Pandas data reading and export
Pandas is a powerful Python library for data processing and analysis. It provides many functions to read and import data, and supports multiple file formats such as CSV, Excel, SQL database, JSON, etc.
The following are some commonly used data reading and export methods:
Common methods
Format | File format | Read functions | Write (export) function |
---|---|---|---|
binary | Excel | read_excel | to_excel |
text | CSV | read_csv read_table | to_csv |
text | JSON | read_json | to_json |
text | Web table HTML | read_html | to_html |
text | Cutting board | read_clipboard | to_clipboard |
SQ!L | SQL | read_sql | to_sql |
XML | read_xml | read_xml | |
text | Markdown | to_markdown |
in:
- Reading functions will generally be assigned to a variable df, df = pd.read_()

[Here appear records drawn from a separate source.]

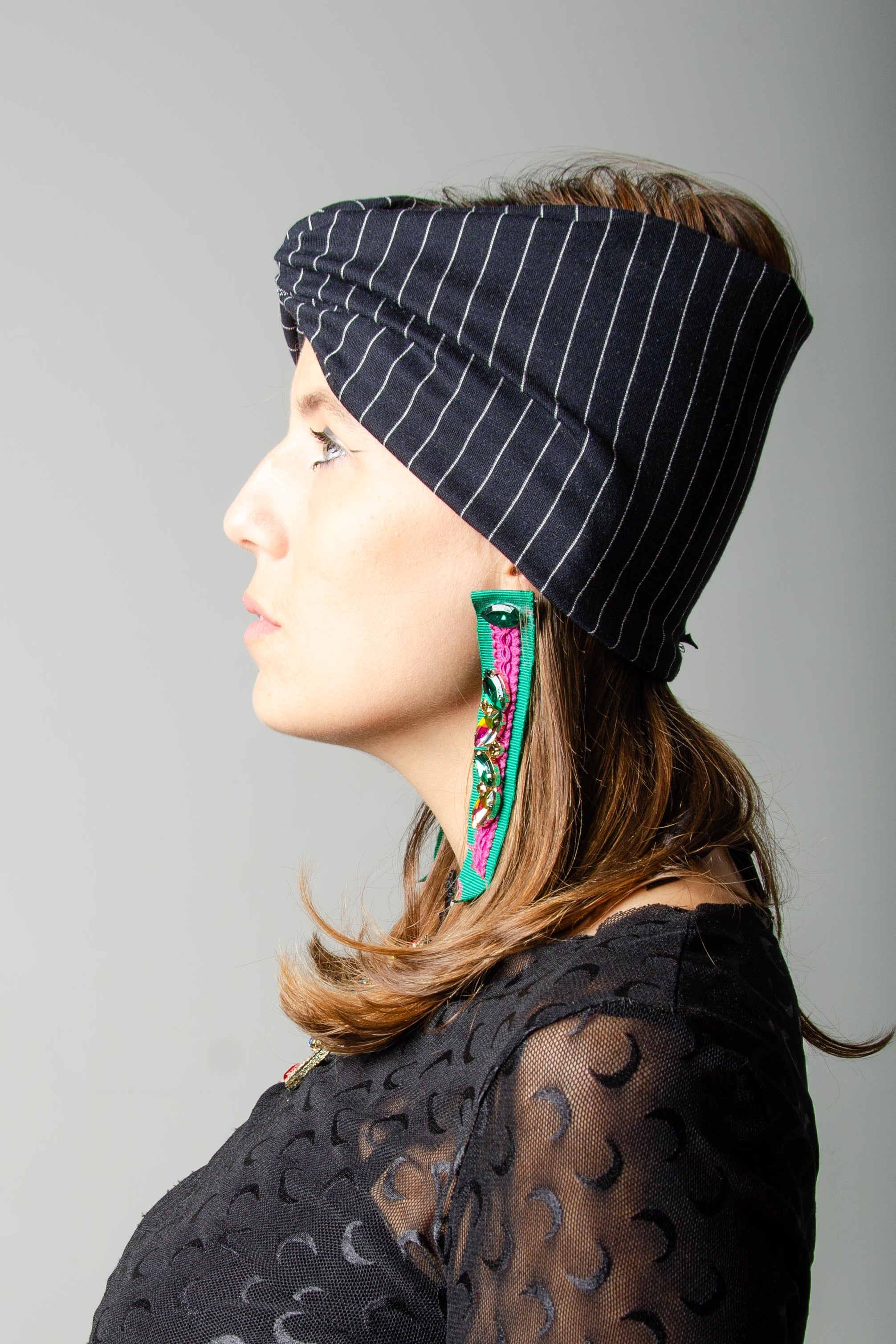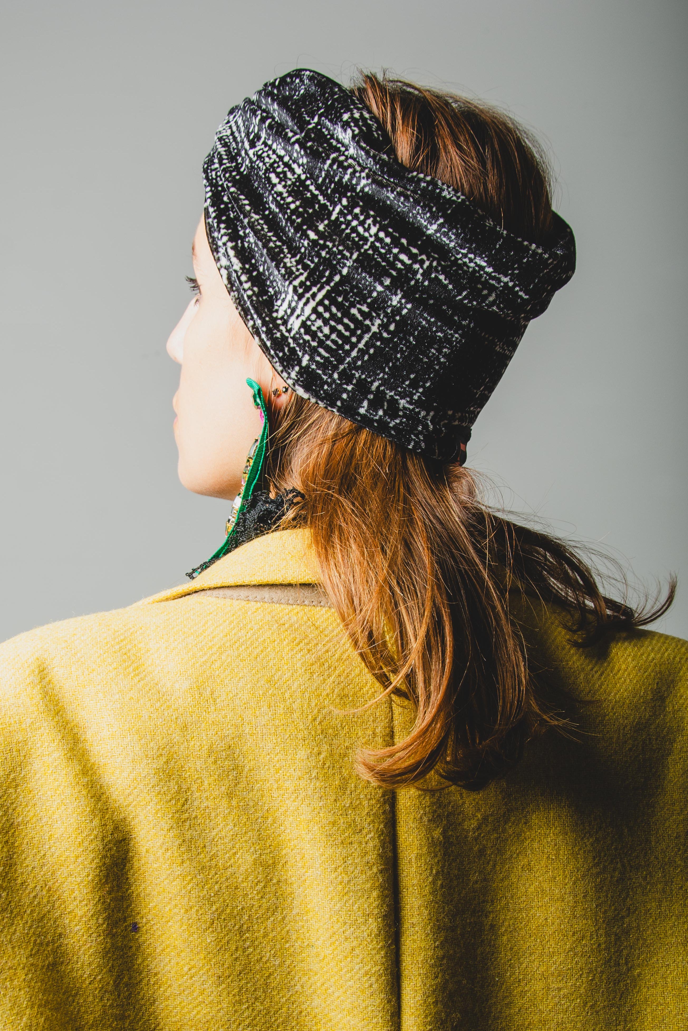 186 Fascia elastica per capelli in velluto elasticizzato bianco e nero
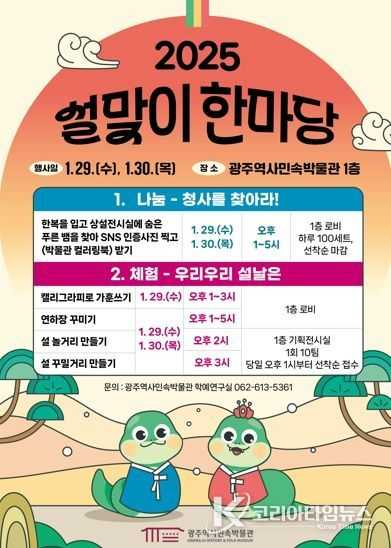 임찬혁 광주역사민속박물관장은 “시민들에게 푸른 뱀이 상징하는 새로운 도전과 성장 에너지를 선사할 수 있도록 다양한 나눔‧체험 프로그램을 준비했다”며 “설 연휴 박물관 나들이를 통해 희망을 채워가는 시간이 되기를 바란다”고 말했다.
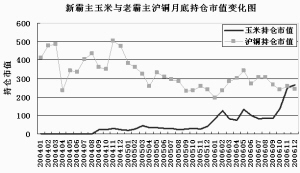 附图是沪铜和玉米期货月末持仓市值变化对照图,从中可看出,玉米期货月末持仓市值已经达到265.15亿元,超越沪铜242.37亿元,考虑到月末持仓市值排第三的沪铝只有159.49亿元,可以说,国内期货市场已经进入玉米和沪铜新老霸主双雄竞争阶段。
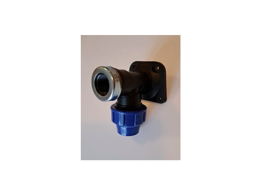 PPS nástěnné koleno s vnitřním plastovým závitem 1/2" je určeno k ukotvení na stěnu a následného spojení PE trubky průměru 20 mm např. se zahradním kohoutem.
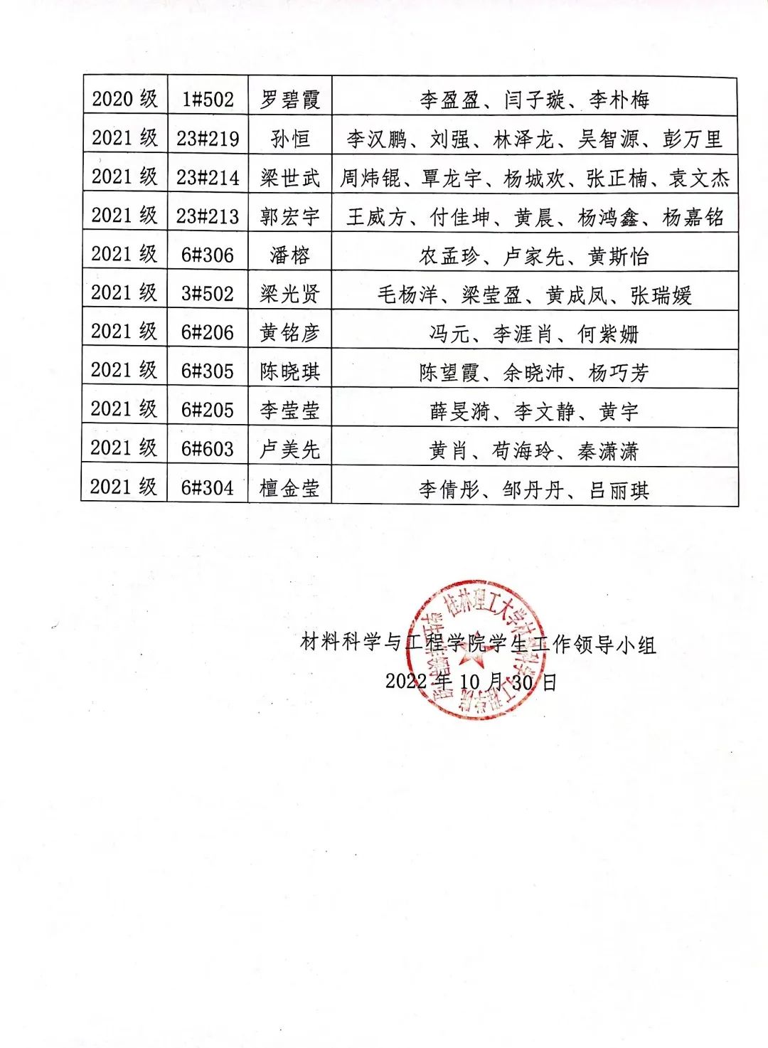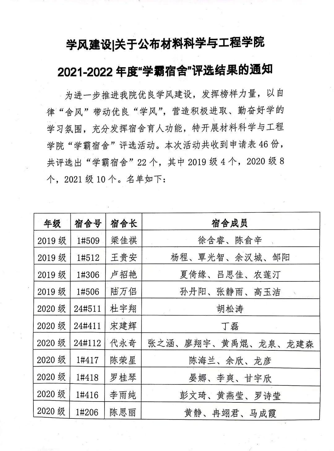 为进一步推进太阳集团城网站2017优良学风建设,发挥榜样力量,以自律“舍风”带动优良“学风”,营造积极进取、勤奋好学的学习氛围,充分发挥宿舍育人功能,特开展太阳集团城网站2017“学霸宿舍”评选活动。本次活动共收到申请表46份,共评选出“学霸宿舍”22个,其中2019级4个,2020级8个,2021级10个。名单如下:
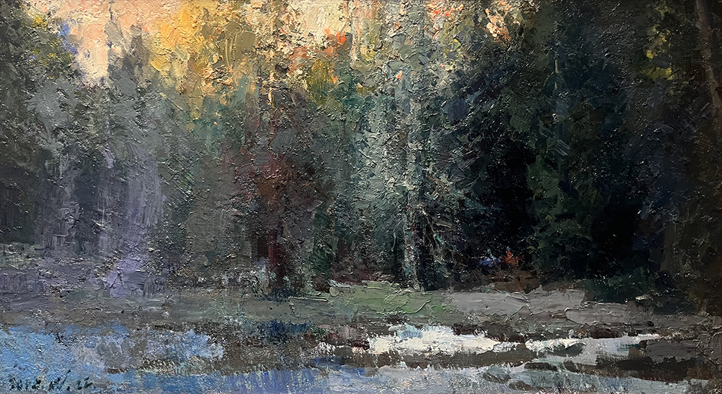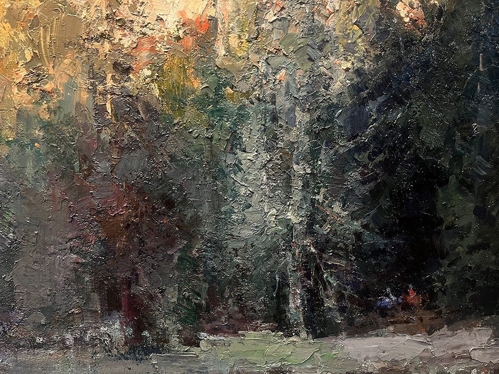 “In the early spring, the ancient Sequoia forests awaken as the cowboys’ team sets off in the morning light. The color palette of the painting evokes a quiet, mysterious atmosphere, while the soft, misty light in the sky adds a romantic and ethereal beauty to the scene.”
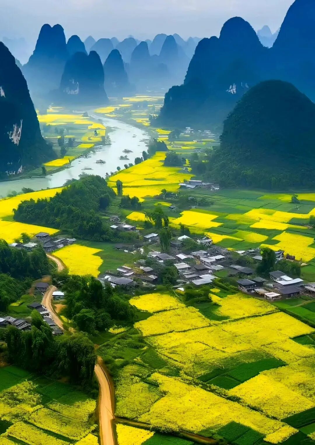 桂林的春,是山水相依的空灵。漓江碧波荡漾,两岸峰林披上新绿,晨雾缭绕间,竹筏轻泛,渔翁撒网,勾勒出“舟行碧波上,人在画中游”的绝美意境;阳朔遇龙河的油菜花海与碧水相映,金黄的花浪随风起伏,蜜蜂蝴蝶穿梭其间,游客骑着单车穿行花海,听流水潺潺、鸟鸣啾啾;龙脊梯田春水灌满,如镜面般倒映着蓝天白云,壮族村民扶犁春耕,古老的农耕文明在春日里延续,诉说着“天人合一”的生存智慧。
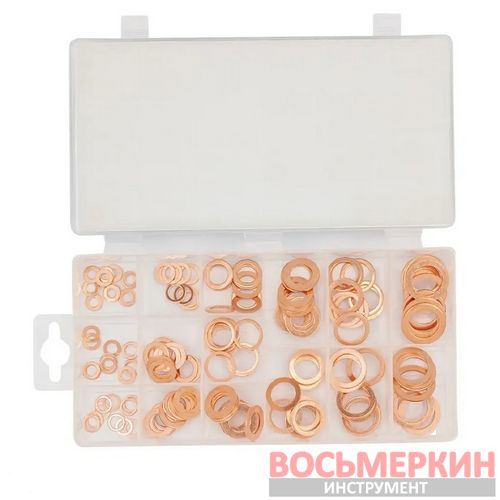 Набор медных шайб Forsage F-06871 включает 150 плоских шайб различных размеров по 10 шт каждого. Шайбы увеличивают площадь прижима поверхности и предотвращают самопроизвольное выкручивание крепежных деталей.
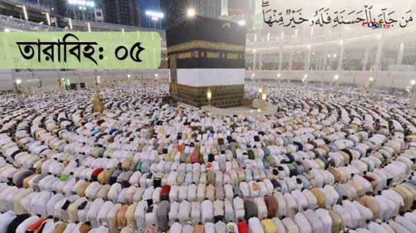 ১৪৪৪ হিজরির রমজান মাসের পঞ্চম তারাবিহ আজ। আজকের তারাবিহতে সুরা মায়িদার ৮৩নং আয়াত থেকে শেষ পর্যন্ত, সুরা আনআমসহ সুরা আ’রাফের ১১নং আয়াত পর্যন্ত পড়া হবে। মুমিন মুসলমানের ভালো কাজের দশগুণ
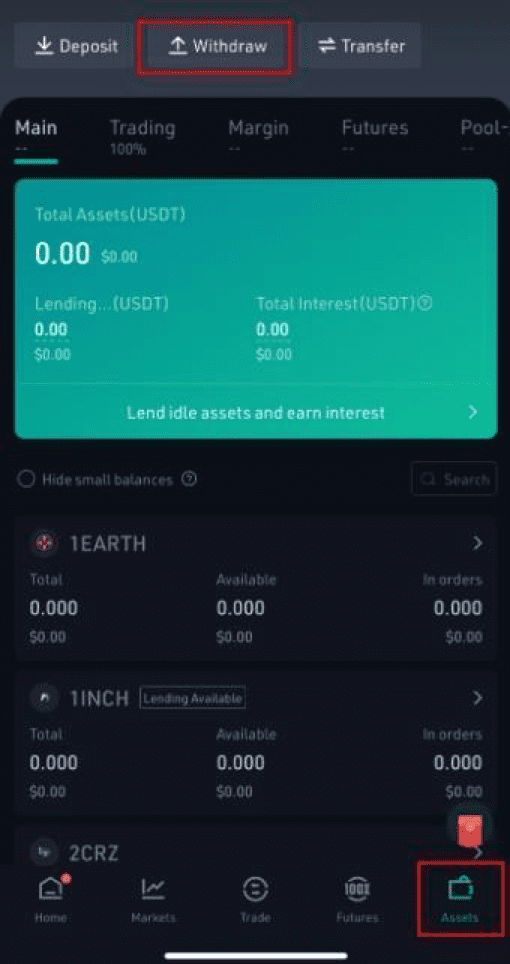 Simply open the KuCoin app on your phone, log in to your account, and click on ‘Assets’ at the bottom right corner. Then, click on ‘Withdraw’ at the top. This will open the withdrawal page.
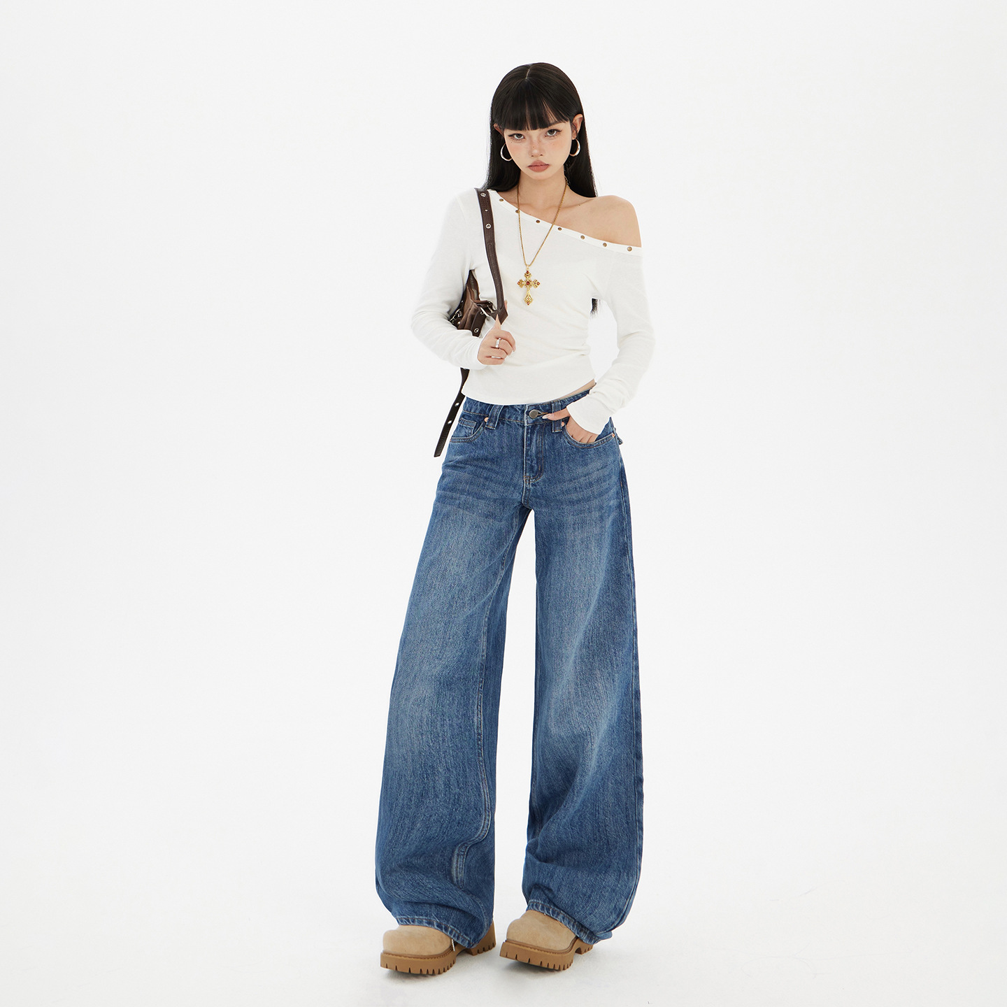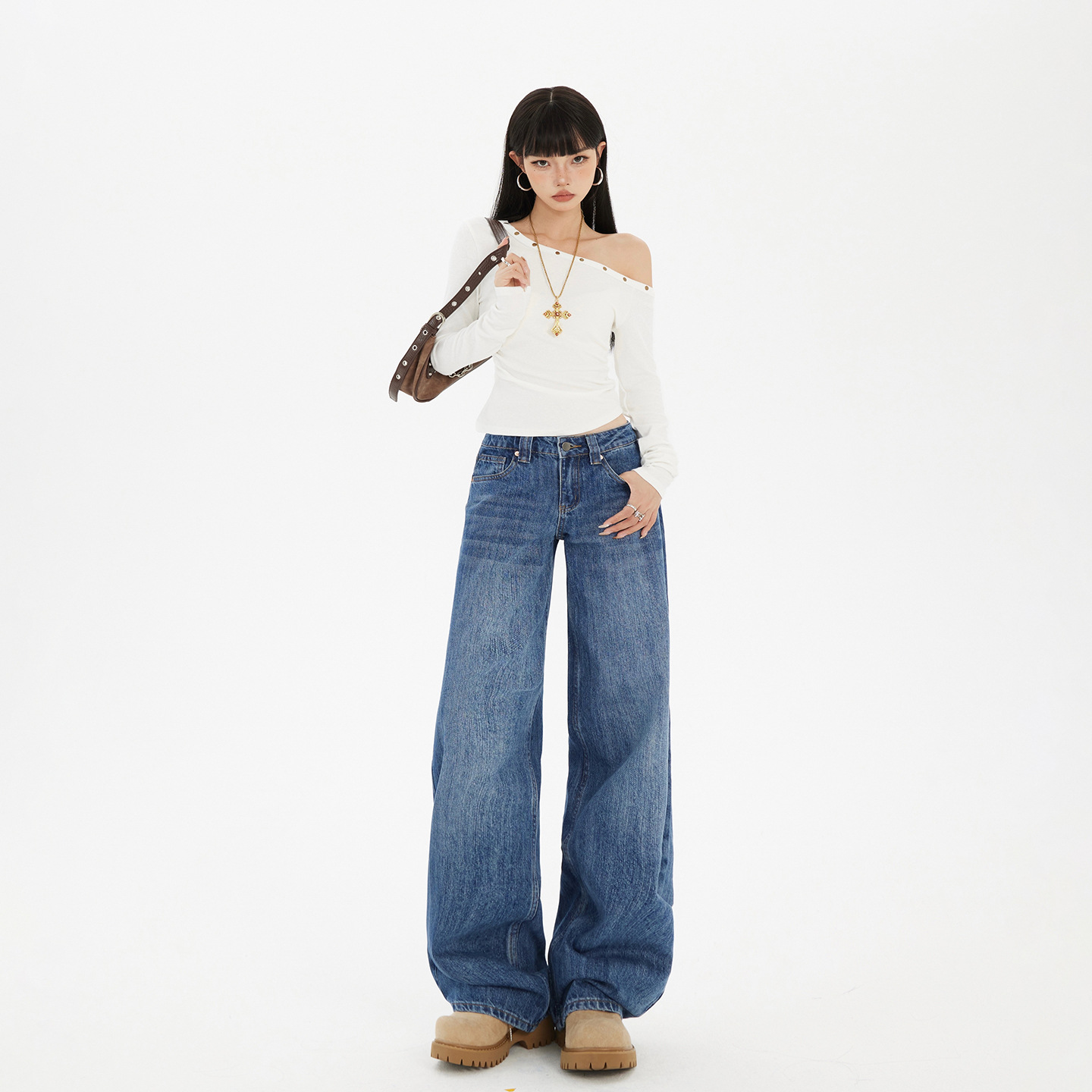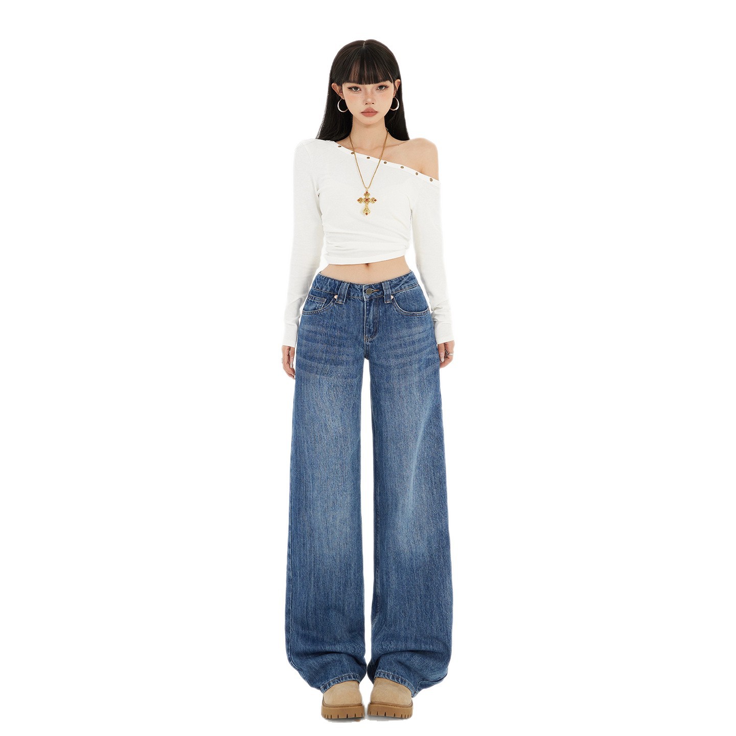 American retro low rise loose wide leg jeans for women, versatile for autumn and winter 2025, ins slimming straight leg mop pants
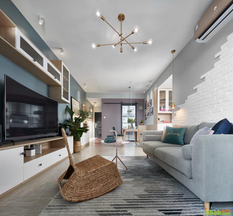 地面人字拼的木紋磚,再搭配墻面的灰綠色,自然的延伸貫穿了整個客餐廳區(qū)域。白色與原木色的家具點(diǎn)綴,讓空間層次有了立體感。美,不是唯一的焦點(diǎn),收納無處不在。餐廳的卡座,過道收納柜,電視組合柜,風(fēng)格的統(tǒng)一,顏色的搭配,無一不是面面俱到。設(shè)計(jì)公司
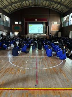 本日、学区内にある貝の花小学校、栗ケ沢小学校の6年生と、本校の1年生及び8組生徒による、小中交流会を行いました。例年は栗ケ沢中学校を会場としていましたが、今年は体育館が改修工事中のため、栗ケ沢小学校での開催となりました。栗ケ沢中学校の生活等について、スライド等を用いて栗中生から紹介した後、グループごとに分かれて、小学生の疑問に中学生が答えていました。4か月後の生活をイメージする、良い機会になったのではないかと思います。
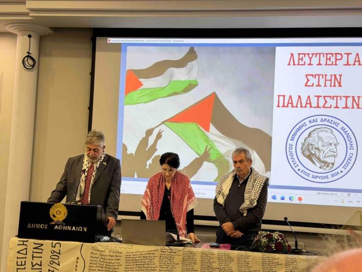 شهدت العاصمة اليونانية أمس فعالية بعنوان "مانوليس غليزوس وفلسطين" التي نظّمتها "مؤسسة ذاكرة وعمل مانوليس غليزوس" في مدرج "أنطونيس تريتسيس" بالمركز الثقافي لبلدية أثينا ، بحضور حشد كبير من أعضاء المؤسسة، وقوى اليسار اليوناني، ومنظمات التضامن، والجالية الفلسطينية، وحركة المقاطعة، وشخصيات سياسية ودبلوماسية، من بينها رئيس بلدية أثينا وعدد من السفراء من كوبا وفنزويلا ونيكارغوا وجنوب افريقيا وروسيا .
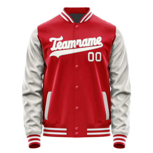 Custom Red Gray Solid Color Varsity Letterman Jacket
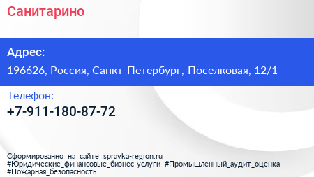 Санитарино по адресу 196626, Россия, Санкт-Петербург, Поселковая, 12/1 в дальнейшем Организация, размещена в следующих категориях:
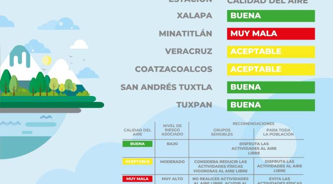 De acuerdo al reporte, Xalapa, San Andrés Tuxtla y Tuxpan reportan índice y calidad del aire buena, con la se pueden realizar actividade al aire libre.
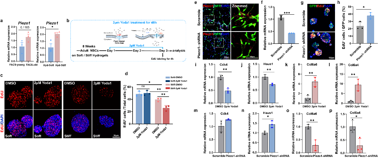 研究进一步发现,机械敏感离子通道 Piezo1 在衰老神经干细胞和高硬度环境中显著上调。药物激活 Piezo1 会进一步抑制神经干细胞增殖,而通过 shRNA 敲低 Piezo1 则能够恢复高硬度环境中神经干细胞的增殖能力,并逆转部分细胞周期与 ECM 基因表达变化。这表明 Piezo1 是介导微环境机械信号与神经干细胞衰老调控的重要机械感受器。
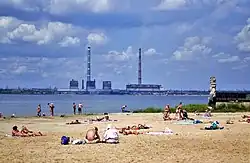 ![]() Playa del del embalse de Vujlejirsk con la central Vujlejirsk al fondo
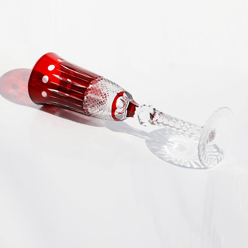 2, Craft:Hand Blown Color Cased Glass, Hand Engraved star-shaped base to the sparkling glints of the diamond, bevel, pearl and rim cuts

- The output function is to operate the variable itself and output df.to_()
Common Function Methods
Excel Objects
~ Object ~ Object ~ Object的属性和方法
Read data
~ pd.read_csv() ~ pd.read_excel() ~ pd.json_normalize() ~ pd.read_pickle() ~ pd.read_table() ~ .from_dict() Created from a dictionary DataFrame ~ pd.read_clipboard() Read data from the clipboard ~ pd.read_json() Read JSON ~ pd.read_sql() Read数据库数据 ~ pd.read_fwf() Read固定宽度格式document ~ pd.read_html() from HTML Document extraction table data ~ pd.read_parquet() Read Parquet document
Export data
~ to_csv() Export as CSVdocument ~ to_excel() Export as Excel document ~ to_dict() Output dictionary ~ to_pickle() Serialized to pickle document ~ to_json() Convert to JSON Format string ~ to_html() Convert to HTML Table format ~ to_sql() Write to relational database ~ to_parquet() Save as parquet document
Data reading
- Read CSV files
import pandas as pd df = pd.read_csv('') # Parameters can be used to adjust read behavior,Such as separator、Missing value mark、Listing, etc.
- Read Excel files
df = pd.read_excel('', sheet_name='Sheet1') # You can specify a worksheet name or index,Or use sheet_name=None To read all worksheets
- Read from SQL database
import sqlite3 # or other database connection library conn = ('') df = pd.read_sql_query('SELECT * FROM table_name', conn) () # For other databases,like MySQL、PostgreSQL,You need to use the corresponding connection library and driver
- Read JSON files
df = pd.read_json('') # Available orient Parameters to specify JSON Data layout
- Read HTML tables
df = pd.read_html('/page_with_table.html')[0] # read_html Return one DataFrame List,Usually indexing is used [0] Get the first form
- Read from the clipboard
df = pd.read_clipboard() # This is for Excel Copying data in applications such as this is particularly useful
Data Export
- Export to CSV file
df.to_csv('output_file.csv', index=False) # index=False It means not exported DataFrame Index of
- Export to Excel file
df.to_excel('output_file.xlsx', sheet_name='Sheet1', index=False) # You can specify worksheet names and other options,Like engine(For newer Pandas Version,The default engine is 'openpyxl')
- Export to SQL database
conn = ('') df.to_sql('table_name', conn, if_exists='replace', index=False) () # if_exists The parameters can be 'fail'(If the table exists, an error is raised)、'replace'(Replace table)、'append'(Add data in the table)
- Export to JSON file
df.to_json('output_file.json', orient='records', lines=True) # orient Parameters can be specified JSON Data layout,lines=True Indicates that each line is one JSON Object
- Export to HTML file
with open('output_file.html', 'w') as f: (df.to_html()) # Can also be used pandas Provided to_html() Method generation HTML String,Then save to file
- Multiple worksheets exported to Excel
with ('output_file_with_sheets.xlsx') as writer: df1.to_excel(writer, sheet_name='Sheet1', index=False) df2.to_excel(writer, sheet_name='Sheet2', index=False) # use ExcelWriter Context Manager makes it easy to write multiple worksheets
Notes:
- File path: Ensure that the file path is correct and that the program has appropriate read and write permissions.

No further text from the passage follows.